Older versions of VLC required different steps (VLC versions <= 0.9.0 used wxWidgets Interface). Modern VLC installations for Windows and Linux use Qt, Mac installations use the OS X interface.
Qt Interface
- In the menu bar, select "Tools" and then "Effects and Filters".
- Select the "Video Effects" tab and then "Essential" subtab.
- Tick the "Image adjust" checkbox and move the slider for the setting you want to change.
- Hue, Brightness, Contrast, Saturation, and Gamma may be adjusted.
Changes take effect immediately for every video.
OS X Interface
TODO
Command-line
A command-line approach will run VLC with adjusted hue, brightness, contrast, saturation or gamma for one session (the adjustments will not be preserved later). To learn how to get a command-line, see command-line interface.
The module you will be working with is adjust.

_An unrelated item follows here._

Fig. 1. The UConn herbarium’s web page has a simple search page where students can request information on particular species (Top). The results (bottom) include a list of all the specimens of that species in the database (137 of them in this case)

As given by vlc --module adjust
:
--contrast <float [0.000000 .. 2.000000]> Image contrast (0-2) --brightness <float [0.000000 .. 2.000000]> Image brightness (0-2) --hue <float [-180.000000 .. 180.000000]> Image hue (-180..180) --saturation <float [0.000000 .. 3.000000]> Image saturation (0-3) --gamma <float [0.010000 .. 10.000000]> Image gamma (0-10) --brightness-threshold, --no-brightness-threshold Brightness threshold (default disabled)

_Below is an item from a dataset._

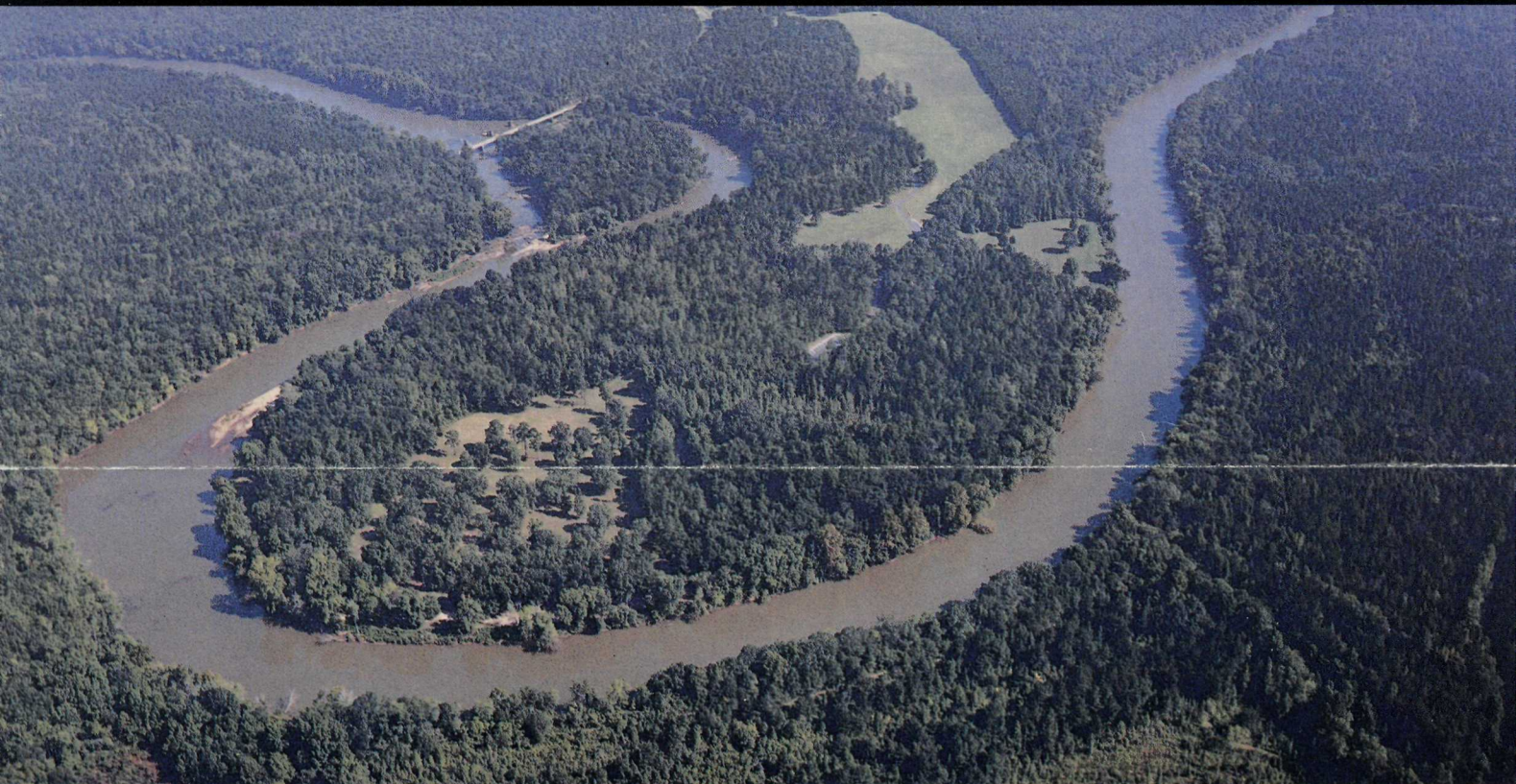
Horseshoe Bend of the Tallapoosa.

Eastern National Park & Monument Association

The defaults are 1.0 for contrast and brightness, 0 for hue, 1.5 for saturation, 1 for gamma.
You can make a video (or still image) 10% brighter with:
vlc --video-filter adjust --brightness 1.1 <file>
and make a video (or still image) black-and-white with:
vlc --video-filter adjust --saturation 0 <file>
And this works too:
vlc --brightness 1.1 <file> vlc --saturation 0 <file>
Permanent changes
You cannot save your preference for adjusted image settings with VLC (VLC doesn't seem to have any field that "remembers" your preferences).

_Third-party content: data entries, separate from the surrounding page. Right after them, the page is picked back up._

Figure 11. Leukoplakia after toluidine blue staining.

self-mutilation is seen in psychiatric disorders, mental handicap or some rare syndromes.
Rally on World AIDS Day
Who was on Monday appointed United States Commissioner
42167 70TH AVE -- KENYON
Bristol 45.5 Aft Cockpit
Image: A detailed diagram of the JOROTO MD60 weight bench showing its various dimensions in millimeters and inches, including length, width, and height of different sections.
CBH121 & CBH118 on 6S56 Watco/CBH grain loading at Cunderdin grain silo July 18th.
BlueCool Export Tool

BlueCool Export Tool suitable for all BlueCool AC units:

You can, potentially, stream the video through a filter using the above method to an output file, and overwrite the original.
In other words, to make foo.ogv 10% brighter you adjust foo.ogv:
vlc --video-filter adjust --brightness 1.1 foo.ogv
And then save the result into foo.ogv.tmp (sorry, I don't have a command line for this), saving over foo.ogv.
Now when you play foo.ogv the video will be brighter.